*** Task input Section Begins ***

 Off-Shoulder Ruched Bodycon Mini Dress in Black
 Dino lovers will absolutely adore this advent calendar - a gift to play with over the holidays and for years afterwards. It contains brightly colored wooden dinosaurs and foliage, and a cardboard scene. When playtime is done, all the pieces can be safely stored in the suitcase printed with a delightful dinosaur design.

*** Task input Section Ends ***
*** Task input Section Begins ***

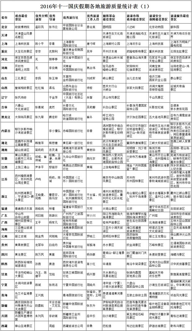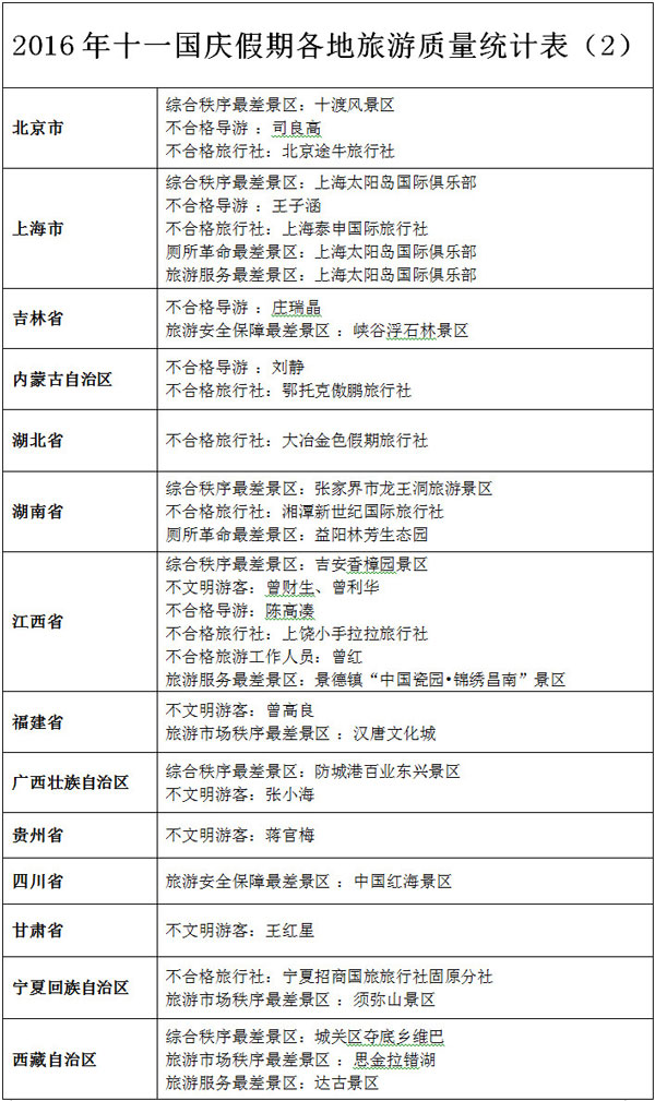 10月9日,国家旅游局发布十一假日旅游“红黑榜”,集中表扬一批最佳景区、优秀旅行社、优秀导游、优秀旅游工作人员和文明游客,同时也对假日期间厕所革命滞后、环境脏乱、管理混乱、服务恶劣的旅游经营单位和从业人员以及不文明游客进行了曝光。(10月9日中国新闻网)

*** Task input Section Ends ***

## Task goal
Going back to the entries above, set down exactly the lines that begin at the one with "Off-Shoulder Ruched Bodycon" and end at the one with "Dino lovers will", both included, and nothing else.

## Result of the task
 Off-Shoulder Ruched Bodycon Mini Dress in Black
 Dino lovers will absolutely adore this advent calendar - a gift to play with over the holidays and for years afterwards. It contains brightly colored wooden dinosaurs and foliage, and a cardboard scene. When playtime is done, all the pieces can be safely stored in the suitcase printed with a delightful dinosaur design.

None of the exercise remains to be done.